In [None]:
# Copyright 2024 Google LLC
#
# Licensed under the Apache License, Version 2.0 (the "License");
# you may not use this file except in compliance with the License.
# You may obtain a copy of the License at
#
#     https://www.apache.org/licenses/LICENSE-2.0
#
# Unless required by applicable law or agreed to in writing, software
# distributed under the License is distributed on an "AS IS" BASIS,
# WITHOUT WARRANTIES OR CONDITIONS OF ANY KIND, either express or implied.
# See the License for the specific language governing permissions and
# limitations under the License.

# Movie Chatbot Tutorial 
This codelab provides an introduction to using Memorystore for Redis and LangChain. It walks through how to connect to and use Memorystore for Redis as a vector store, document loader, and chat history store. The codelab also provides a dataset of movie titles from Netflix that you can use to experiment with the tools.

[![Open In Colab](https://colab.research.google.com/assets/colab-badge.svg)](https://colab.research.google.com/github/googleapis/langchain-google-memorystore-redis-python/blob/main/samples/langchain_quick_start.ipynb)

# Download the Netflix Dataset

In [15]:
from google.cloud import storage

# Initialize the Google Cloud Storage client
gcs_client = storage.Client()

bucket_name = "cloud-samples-data"
source_blob_name = "langchain/netflix_titles_compute_embeddings.csv"
destination_file_name = "./netflix_titles_compute_embeddings.csv"
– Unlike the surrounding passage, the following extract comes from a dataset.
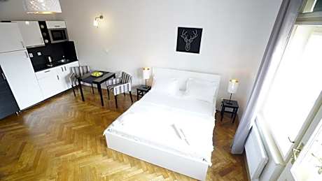 Ubicado en un edificio histórico, el Royal Road Residence ofrece apartamentos modernos con wifi gratis y cocina. Se encuentra a menos de 5 minutos a pie de la estación de metro Staroměstská. Con una decoración minimalista, cada apartamento cuenta con TV vía satélite y set de té y café. Algunos ofrecen vistas panorámicas a la Plaza de la Ciudad Vieja, aire acondicionado y balcón. Todos los apartamentos disponen de una pequeña cocina equipada con fogones, utensilios y espacio para guardar la compra. El centro comercial Palladium está a 15 minutos a pie del Royal Road Residence.

# Get the bucket and blob (file) from GCS
bucket = gcs_client.bucket(bucket_name)
blob = bucket.blob(source_blob_name)

# Download the file to the local destination
blob.download_to_filename(destination_file_name)

# Load the Data as LangChain Documents

In [None]:
import csv
from langchain_core.documents.base import Document

# Path to the CSV file
csv_file_path = "./netflix_titles_compute_embeddings.csv"

# Initialize a list to hold the Document objects
docs = []

# Determine metadata fields by reading the CSV headers
with open(csv_file_path, mode="r", encoding="utf-8") as file:
    reader = csv.reader(file)
    headers = next(reader, None)
    # Exclude 'description' from metadata fields
    metadata_fields = [header for header in headers if header != "description"]

# Read the CSV file and construct Document objects
with open(csv_file_path, mode="r", encoding="utf-8") as file:
    reader = csv.DictReader(file)
    for row in reader:
        # Construct the content to include the entire row
        content = " | ".join([f"{key}: {value}" for key, value in row.items()])
        # Construct metadata by excluding 'description' field
        metadata = {field: row[field] for field in metadata_fields}
        # Create the Document object with the entire row as content and the rest as metadata
        doc = Document(page_content=content, metadata=metadata)
        docs.append(doc)

# Import and Initialize an Embeddings Service

In [None]:
import os
from langchain_google_vertexai import VertexAIEmbeddings

PROJECT_ID = "my_project_id"  # @param {type:"string"}
embeddings_service = VertexAIEmbeddings(
    model_name="textembedding-gecko@latest", project=f"{PROJECT_ID}"
)

# Set Up a Connection to a Memorystore for Redis Instance

In [18]:
import redis

REDIS_HOST = "127.0.0.1:6379"  # @param {type:"string"}
client = redis.from_url(f"redis://{REDIS_HOST}")

# Initialize the Vector Index in the Memorystore for Redis

In [21]:
from langchain_google_memorystore_redis import (
    DistanceStrategy,
    HNSWConfig,
    RedisVectorStore,
)

index_config = HNSWConfig(
    name="netflix_complete:", distance_strategy=DistanceStrategy.COSINE, vector_size=768
)

RedisVectorStore.init_index(client=client, index_config=index_config)

# Instantiate a Vector Store Object

In [22]:
vector_store = RedisVectorStore(
    client=client, index_name="netflix_complete:", embeddings=embeddings_service
)

# Add Documents to the Vector Store

In [23]:
ids = vector_store.add_documents(docs)

# Initialize Memorystore for Redis as `ChatMessageHistory`

In [9]:
from langchain_google_memorystore_redis import MemorystoreChatMessageHistory

chat_history = MemorystoreChatMessageHistory(
    client=client,
    session_id="my_session",
)

# Build a Movie Question-Answering Chatbot

In [24]:
from langchain_google_vertexai import VertexAIEmbeddings, VertexAI
from langchain_core.messages import AIMessage, HumanMessage
from langchain.chains import ConversationalRetrievalChain
from langchain.memory import ConversationSummaryBufferMemory
from langchain_core.prompts import PromptTemplate
from langchain_google_memorystore_redis import MemorystoreChatMessageHistory

# Suppress all deprecation warnings
import warnings

warnings.filterwarnings("ignore", category=DeprecationWarning)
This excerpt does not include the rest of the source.